# What Sport???



## Darkangel92 (May 21, 2008)

I would love to get my dogs into some kind of sport but I dnt no wat kind they would do well or would like...can anyone help me??

This is Dakota...my 1yr old shepherd, shar pei, shiba inu, corgi mix...lol...yea I guessed her breed...pretty good huh...lol
Shes only about 35lbs and very strong....loves to run...and has a tun of energy...









This is my 4yr old mini poodle Nemo...He has A LOT of energy...lol...he only weighs about 12-14lbs...lol









Thanks,
Sara


----------



## DancingCavy (Feb 19, 2001)

The only way to know what they might like is to sign up for some classes and try it.


----------



## Darkangel92 (May 21, 2008)

I cnt find any classes....Ive googled, yahooed, and every other searched i could do...lol....but nothing...


----------



## tracyc (Feb 23, 2005)

I bet they'd like agility. Little dogs often do well at that sport. 

Where do you live? Are there any dog clubs nearby you could contact and ask about dog sports? Or even ask at your vet's office--maybe they know of some organized dog sports/training/classes. 
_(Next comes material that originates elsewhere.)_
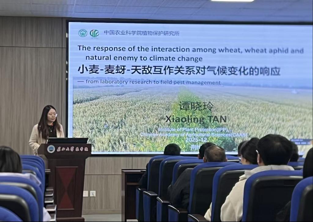谭晓玲本科毕业于正规滚球app平台官网植物保护专业,她结合近50年气温变化数据和极端天气案例,揭示气候变暖对农业生态系统的显著冲击效应及机制,深入剖析了跨纬度麦田系统中“小麦-蚜虫-天敌”不同营养级对气候变暖的响应机制,既从“自下而上”和“自上而下”双路径解读了气候变暖影响蚜虫暴发的内在逻辑,也揭示了变暖加剧麦蚜生态位竞争、诱发次生害虫暴发的新风险。在技术应用环节,她分享了集成的“推-拉-杀”绿色控害方案,实现了麦蚜种群减少30%-50%、农药用量降低超40%的成效。

You could also do homemade agility. Check out the kinds of obstacles that are involved with agility and make your own versions in the backyard, just for fun.


----------



## BlackPuppy (Mar 29, 2007)

Do you have any AKC dog clubs near you? A local Kennel Club you could inquire at? Maybe you can post your location and somebody can help you. 

That said, my dogs dabble in a lot of different things. They compete in Obedience and Agility, but they also do tracking, herding, drafting and anything else I can come up with.


----------